But if I were on council voting on this specific project, I'd have voted in favour of the 20-storey limit as well. There is a perception, not undeserved, that council simply hands to developers any zoning exemptions they ask for. Zoning and heritage restrictions in Halifax are not particularly onerous, yet our development community (by and large) is constantly proposing projects that seek enormous exemptions. And they typically receive those exemptions, or very generous compromises.
The development industry is essentially rewriting the city's planning regime piecemeal every time a new project is announced, and it's breeding a distorted sense of reality. And watch out when a developer occasionally doesn't get his way: i.e., John Ghosn throwing a public hissy fit because the city won't let him build a swimming pool backing into the Northwest Arm, and claim that such rules are "stagnating growth". This is also why people like Louie Lawen can apply to demolish heritage buildings on Barrington Street as an opening gambit for a development proposal.

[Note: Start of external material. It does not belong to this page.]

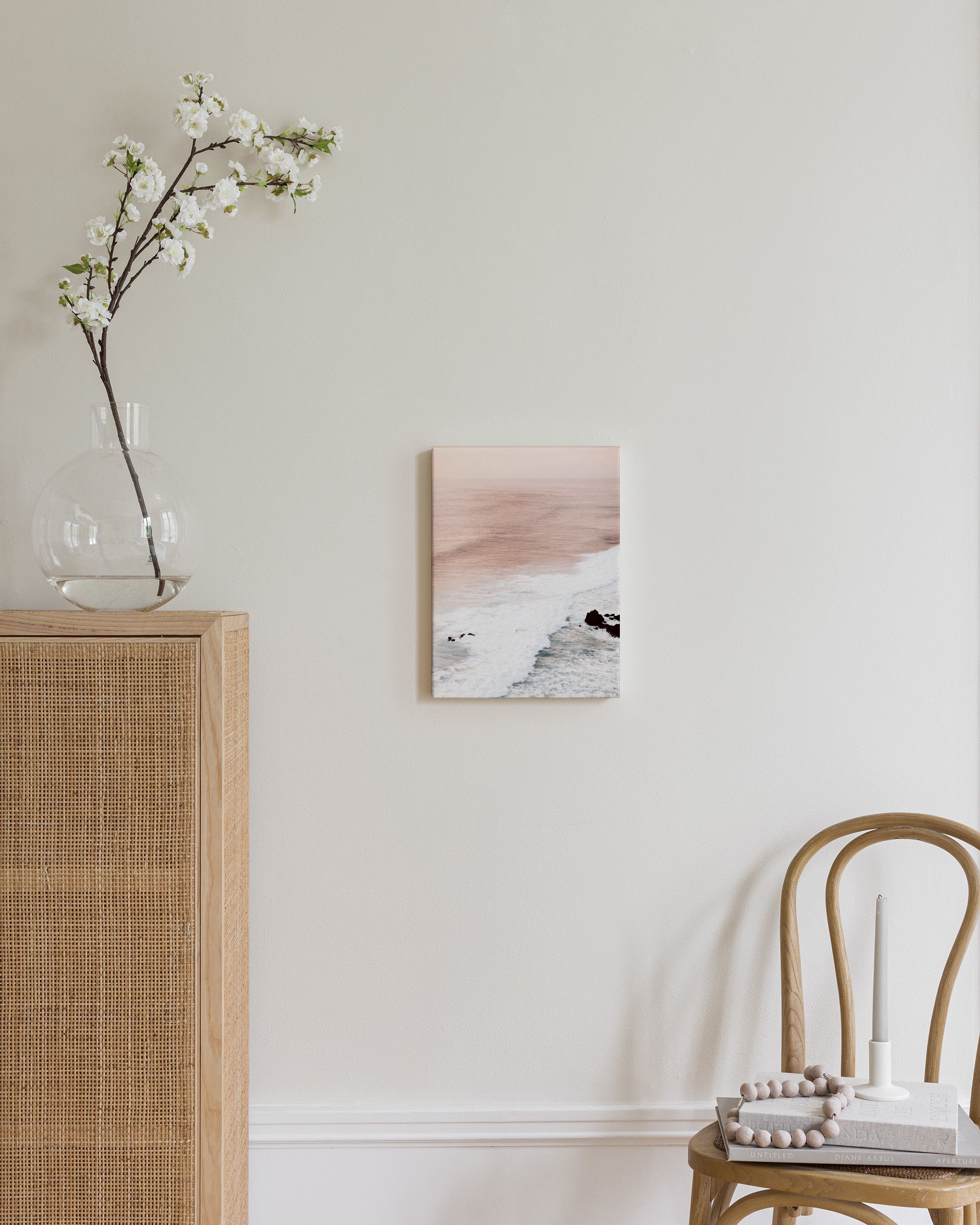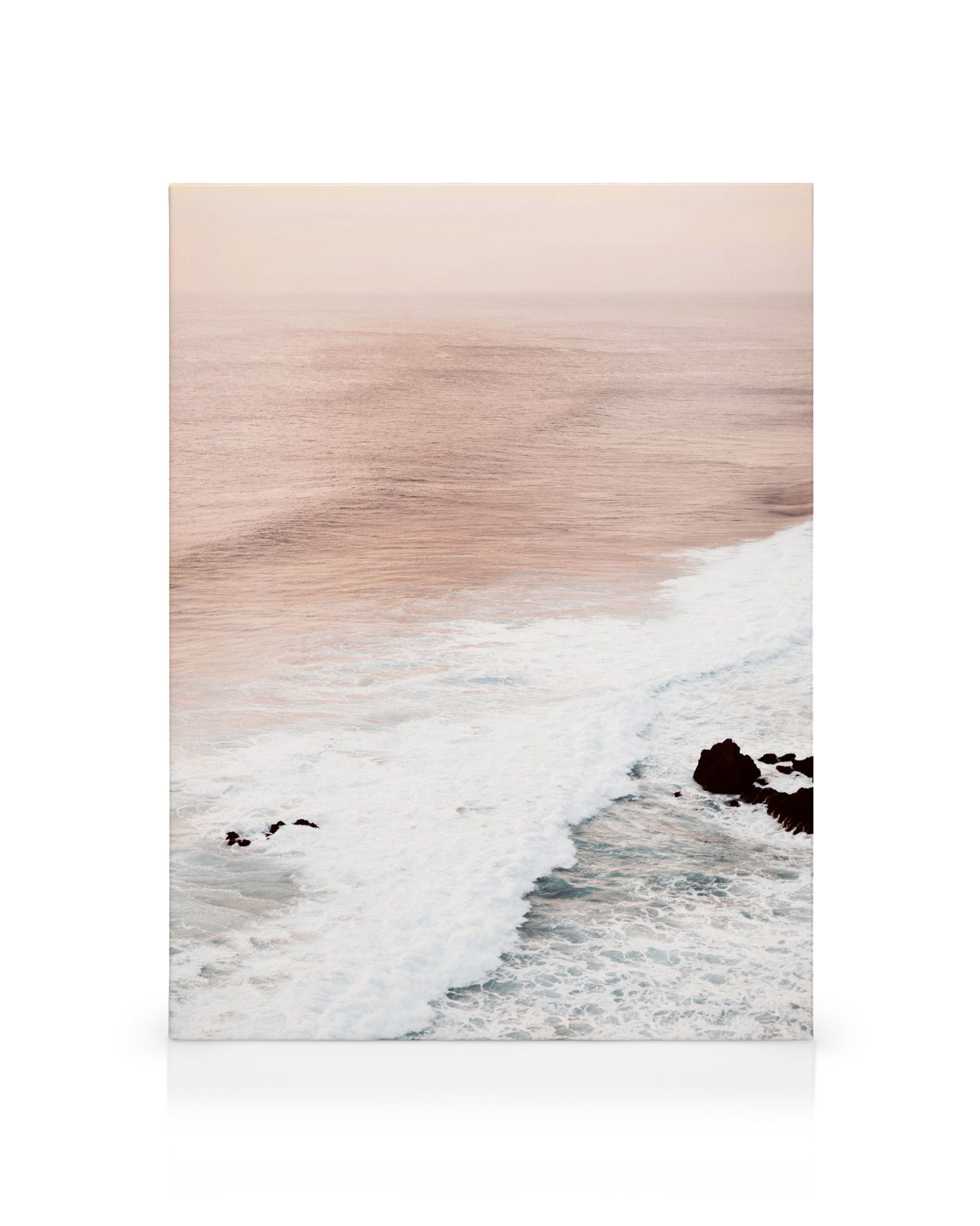 Tämä vaaleanpunainen juliste tuo rauhaa kotiisi. Pehmeät aallot ja tummat kivet luovat kauniin merinäkymän. Vesi kimaltaa vaaleanpunaisena ja valkoisena.

There's no sense that the rules exist to be respected, they exist to be weaseled around as much as possible by playing hardball and complaining about "anti-development" attitudes when you don't get what you want.
Council needs to reign that in, rather than enable it by voting "sure, do whatever you want" every time someone decides that the rules don't apply to them.
Hopefully once the Centre Plan is done and implemented, council will find the cojones to say "NO" to developers who seek to undermine the whole thing with massive variances. Otherwise there's no point even having planners, or a land-use bylaw, or anything. Just let developers go wild.